El hospital era un complejo inmenso, con numerosos
edificios expandidos por una zona boscosa. Las diferentes áreas de residencia –geriátrico,
rehabilitación ortopédica, lesiones cerebrales, recuperación cardiológica y
rehabilitación normal− se comunicaban a través de pequeños caminos de gravilla,
e indicadores con flechitas y croquis proporcionaban cierta orientación (Aunque
como yo me perdía cada vez que me enviaban a algún lejano ward, llegué incluso a plantearme el ir arrojando miguitas de pan
para garantizarme el seguro regreso).
Se respiraba aire puro y las ardillas y conejos pululaban
a sus anchas haciendo las delicias de pacientes y trabajadores (cada vez que veía
los ingenuos conejitos acercarse, no podía reprimir una sonrisa imaginando a mi
padre con su escopeta repetidora Franchi). Un lugar ideal para disfrutar de
unos días de asueto, el problema es que debíamos trabajar, o al menos aparentarlo.

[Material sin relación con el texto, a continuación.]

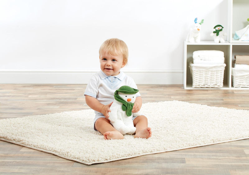 The Snowman celebrates his 30th anniversary this year and draws in over 2 million viewers every year at Christmas. The original Snowman Book by Raymond Briggs has sold 2.6 million copies in the UK alone. The Cuddly Snowman is ideal for little ones to cuddle at bedtime and is the perfect companion when being read the Snowman book or watching the Snowman film. The Cuddly Snowman is super soft and measures 22cm in height. He wears a smart green hat and matching scarf to keep him warm. The Cuddly Snowman has a black embroidered mouth and eyes and a bright orange felt nose. He has embroidered black buttons on his body. Who could resist this cute soft Cuddly Snowman?
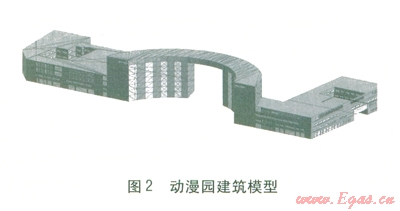能耗模擬軟件Energyplus在基本使用特性、計(jì)算能力和設(shè)備兼容性等方面較為突出[13-16],但需要友好的用戶圖形界面與之配合[17],Designbuilder是專門針對(duì)Energyplus開發(fā)的用戶圖形界面軟件。利用Designbuilder軟件建立動(dòng)漫園建筑模型,見圖2。相關(guān)能耗模擬參數(shù)為:①圍護(hù)結(jié)構(gòu)。外墻傳熱系數(shù)為0.52 W/(m2·K);屋面、樓板傳熱系數(shù)為0.44W/(m2·K);外窗傳熱系數(shù)為2.70 W/(m2·K),自身遮陽系數(shù)為0.70,可見光透射比(4個(gè)朝向相同)為0.40,建筑各朝向(含透明幕墻)窗墻比均小于0.70。②散熱量及人員密度。大廳:照明散熱量為13 W/m2,設(shè)備散熱量為13 W/m2,人員密度為0.3人/m2。走廊:照明散熱量為5 W/m2,人員密度為0.025人/m2。餐廳:照明散熱量為9 W/m2,設(shè)備散熱量為5 W/m2,人員密度為0.4人/m2。辦公室:照明散熱量為9 W/m2,設(shè)備散熱量為30 W/m2,人員密度為0.25人/m2。競(jìng)技廳:照明散熱量為18 W/m2,設(shè)備散熱量為30 W/m2,人員密度為0.6人/m2。③新風(fēng)量:大廳、餐廳、競(jìng)技廳大于等于

En esto último me doctoraría en los próximos meses, el escaqueo general en
aquel hospital me trajo recuerdos de la mili.
Con la “pequeña” diferencia en salario y libertad.

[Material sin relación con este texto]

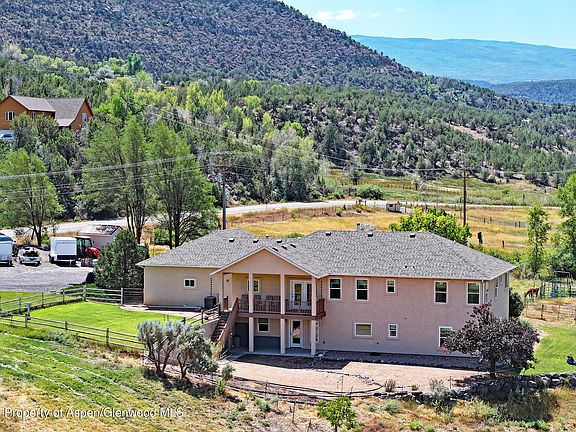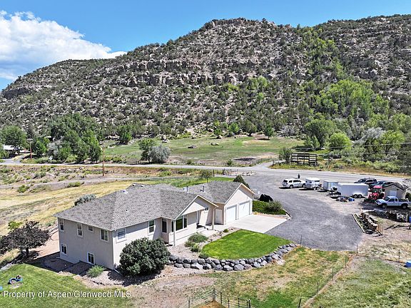 Colorado mountain valley custom-designed home with acreage, surrounded by stunning views. Enjoy a peaceful country lifestyle near the historic towns of Collbran and Mesa, just a short drive from the I-70 corridor. This meticulously maintained 10.5-acre property features partially fenced pasture and corrals, with the mountain waters of Plateau Creek rushing along the lower property line. The beautiful 3-bedroom, 3½-bath home includes a full unfinished walkout basement, ready for your personal décor and finishing touches. A gravel driveway leads to ample parking, concrete parking pad, an attached 3-car garage, and walkways to the covered entryway, with mature trees and shrubs adding to the property's curb appeal.

Durante la primera semana se dedicaron a mostrarnos todos
y cada uno de los aparatos que íbamos a manejar. Hablo de aspiradoras,
enceradoras, fregonas y esas cosas. Sí, aquí hasta para usar una simple fregona
debías pasar por un training, no vaya
a ser que seas muy garrulo y cojas el
aparato por el mocho e intentes fregar el suelo con el otro extremo. Pero
es algo a lo que te vas acostumbrando con el tiempo en este país: application forms y trainings a tutiplén. ¡Y no me hagan hablar de procedimientos de
seguridad y simulacros de incendio!
Ya les he confesado en más de una ocasión que soy un
chico formal. Siempre lo fui. De esos que de tan formalitos, pasamos por
tontos. Así ha sido durante toda mi vida, en la escuela, en el colegio, en las
diferentes universidades, en el servicio militar. Recuerdo un compañero, y
amigo, de la guerra que estando algo
enfadado conmigo (debido a que yo me negaba a hacer novatadas a los recién
llegados, pues a mí los pobrecillos no me habían causado ningún mal) me espetó:
“Jorge, entraste bicho y sigues siendo un
bichazo”. Pero qué se le va a hacer, cada uno es como Dios lo trajo. Y no
hay nada que hacer. Bueno, que me he pasado dos colinas más allá de los cerros
de Úbeda. Decía que siempre fui formal y obediente, respetuoso con mis jefes, mandos
y profesores. Pero todo eso iba a cambiar. Con los meses aprendería el arte del
escaqueo, la habilidad para acabar mis tareas una hora, o dos, antes de fichar para salir (cobrando por tal tiempo
de reposo, claro) y la destreza necesaria para duplicar (o triplicar) la
duración de los breaks. Y es que
acabé harto de sudar e ir corriendo de un lado para otro: fregando suelos,
aspirando alfombras, preparando tés con pastas, cambiando las jarritas de agua
de los abueletes, mientras veía a mis compañeros apoltronados en interminables
Descansos, riéndose a carcajadas de chistes infumables y poniéndose de tostadas
con mantequilla hasta las cartolas, que decimos en mi pueblo. Pero el proceso
de cambio llevaría su tiempo.
Poco a poco me acostumbraba a las maneras y costumbres de
mis compañeros. Formaban una mezcla de hombres y mujeres de diferentes edades,
estatus y educación. La mayoría de ellos hablaban lo que podemos denominar Scottish, aquel idioma que les comenté
me sonaba como alemán, no entendía nada de lo que parloteaban. Al menos al
principio. Es un inglés trufado de palabras y frases que no existen de los borders hacia abajo. Si a esto le sumas
el hecho de que cortan muchas de esas palabras y que su pronunciación es áspera
como papel de lija, pues lo que les digo: alemán o ruso, pero no la lengua que
yo había aprendido en los libros de “Peter
and Molly” en el colegio.
Durante los breaks
solíamos buscar un cuarto tranquilo, con sofás y mesita de café. Nos sentábamos
(o tumbarreábamos) a charlar, a echar
risotadas o a simplemente relajarnos, haciendo de aquellos quince minutos
oficiales, veinte, veinticinco o cuarenta. Todo dependía de la presencia de
patrullas de supervisores y la vigilancia desde la torreta de los managers (gracias a Dios no disponían de
ametralladoras).
En estos descansos ellos platicaban y yo ponía oreja.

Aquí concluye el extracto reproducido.